3.2. Field-passive Fluids in Energy Dissipating Systems

3.2.1. Passive Dampers

Damping is the most effective method to reduce unwanted vibrations in cases where the system is excited close to its natural frequency. There are two main types of viscoelastic dampers: viscoelastic liquid damper, having for instance a container filled with a viscoelastic liquid; viscoelastic solid damper, which consists for example in a sandwich structure of steel plates intercalated with layers of a certain viscoelastic polymer [161,162]. For the same reasons exposed above, the attention here is focus exclusively on viscoelastic liquid dampers.
Viscoelastic liquid dampers generally consist of a moving piston or plate within an open container filled with some viscoelastic fluid.
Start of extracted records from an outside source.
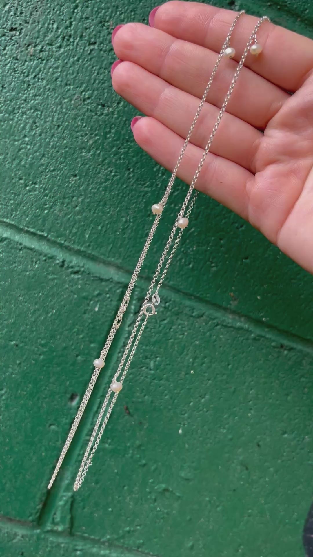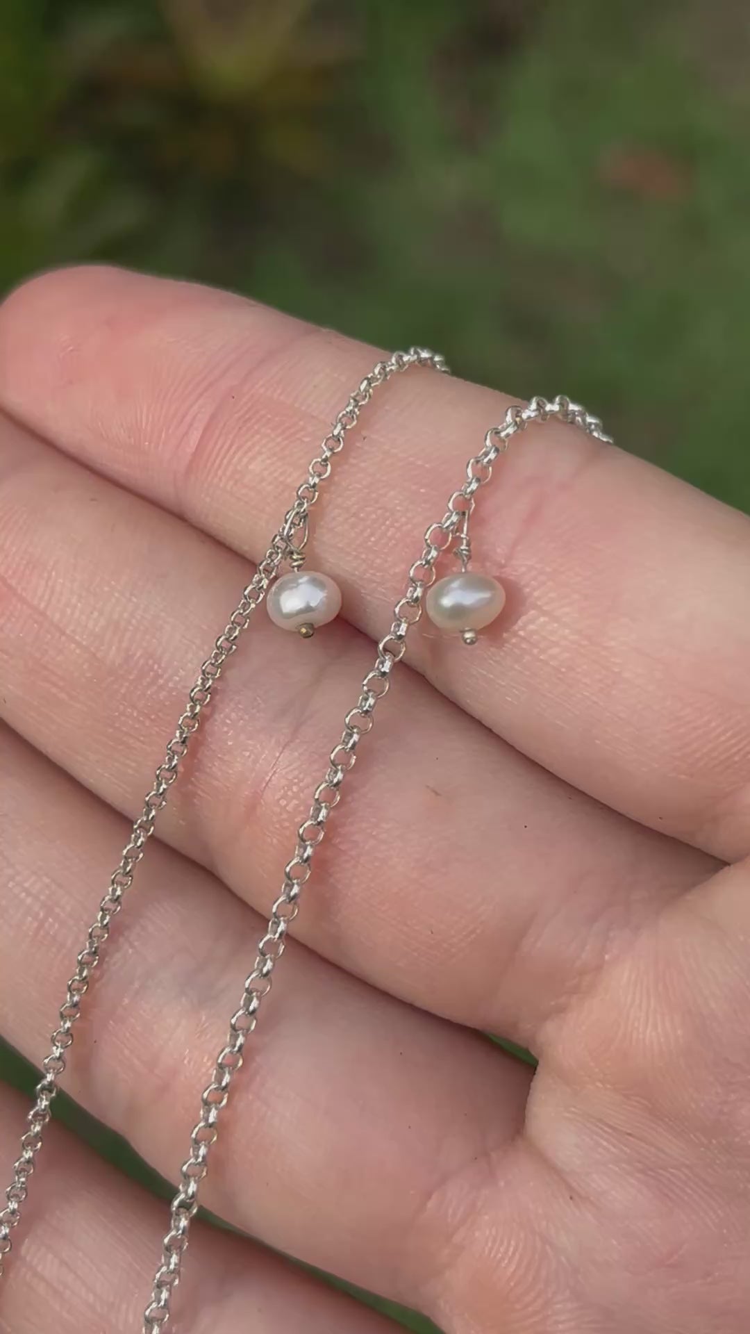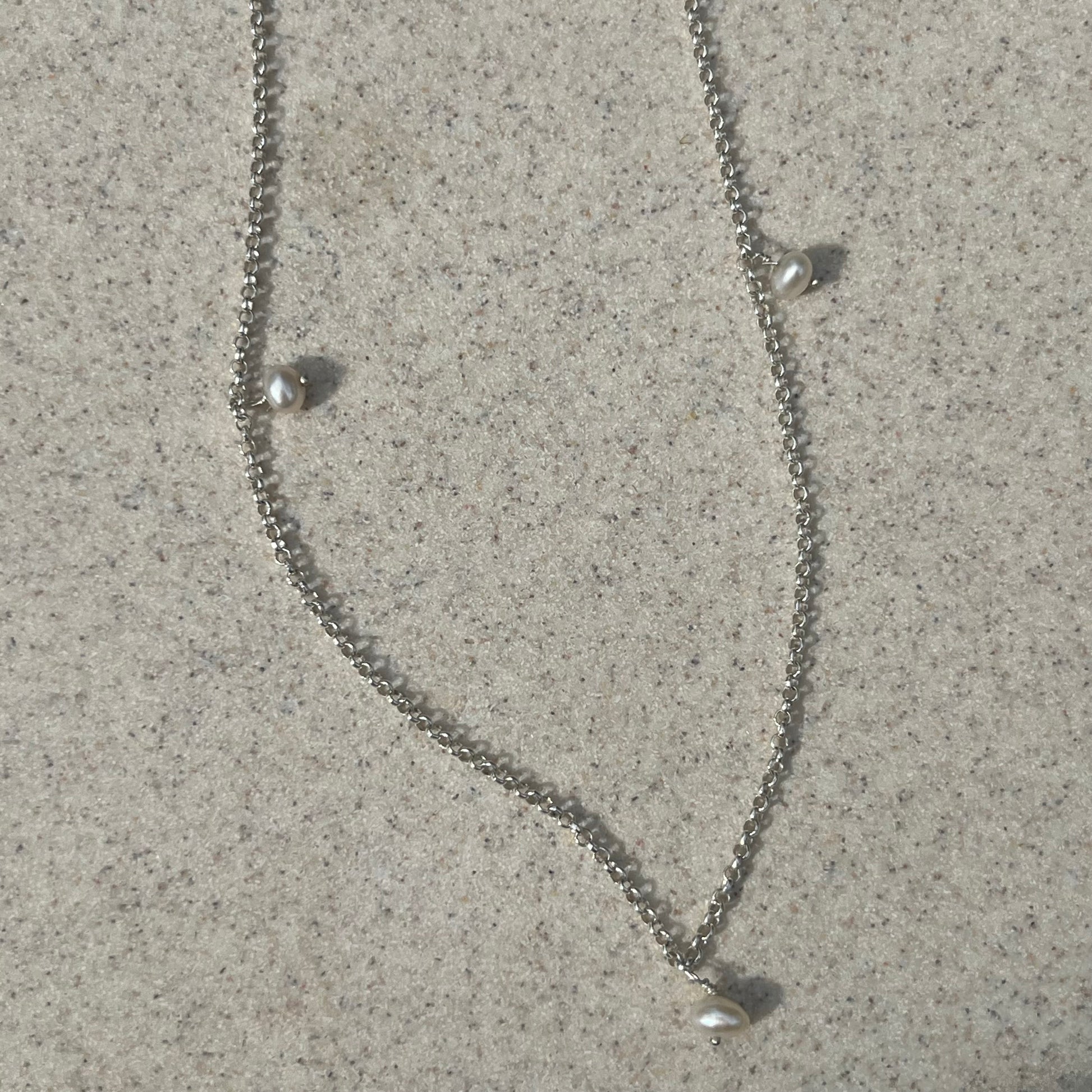 This necklace has 3 fresh water pearls on a sterling silver chain.
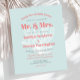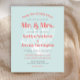 Den här inbjudan till badbröllop på stranden innehåller ord "Sandy Toes & Salty Kisses", "Mr. Och Mrs.." och namn i fet rosa i korall över en vintage, en vit illustration av havskoral på en subtil akumblåbakgrund.
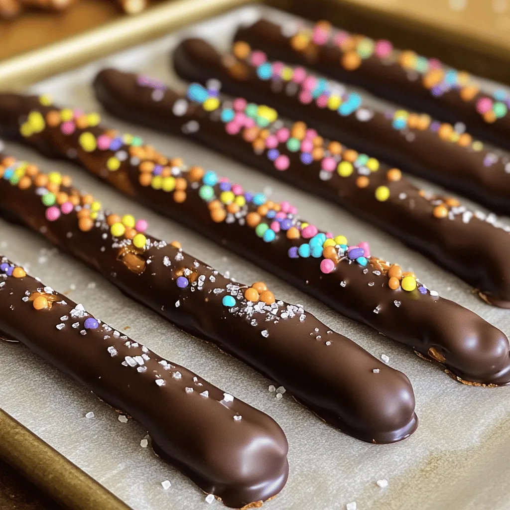 Place each dipped pretzel rod on the lined baking sheet. If you like, sprinkle a bit of sea salt on top. This adds a nice sweet and salty taste. Once all the rods are dipped, pop the baking sheet into the fridge. Let them chill for about 30 minutes. This helps the chocolate harden fully. When they are done, you can enjoy or gift them to someone special.

They may be used to solve very different vibration problems. A typical example is the damping of operational vibrations in an industrial piping system Figure 4. Another example is the damping of shock-like forces induced, e.g., by a large forge hammer. In this case, the damping device needs to absorb a significant amount of energy in a very short time, so that the system comes to rest as quickly as possible allowing the start of the next operation of the hammer with minimum recovery time [163]. Since the 1980s, such viscoelastic fluid dampers have been also used in civil engineering applications like seismic and vibration isolation of buildings and as energy dissipation devices for bridges and buildings [164]. Park [165] made an exhaustive list of references where viscoelastic dampers have been used in the control of vibration and noise.
The use of STFs in dampers or shock absorbers has not experienced yet such a wider use as the VEFs. The first publication regarding the use of STFs in dampers or shock absorbers appeared in the 1990s [166] and since then few additional works have been published [167,168,169].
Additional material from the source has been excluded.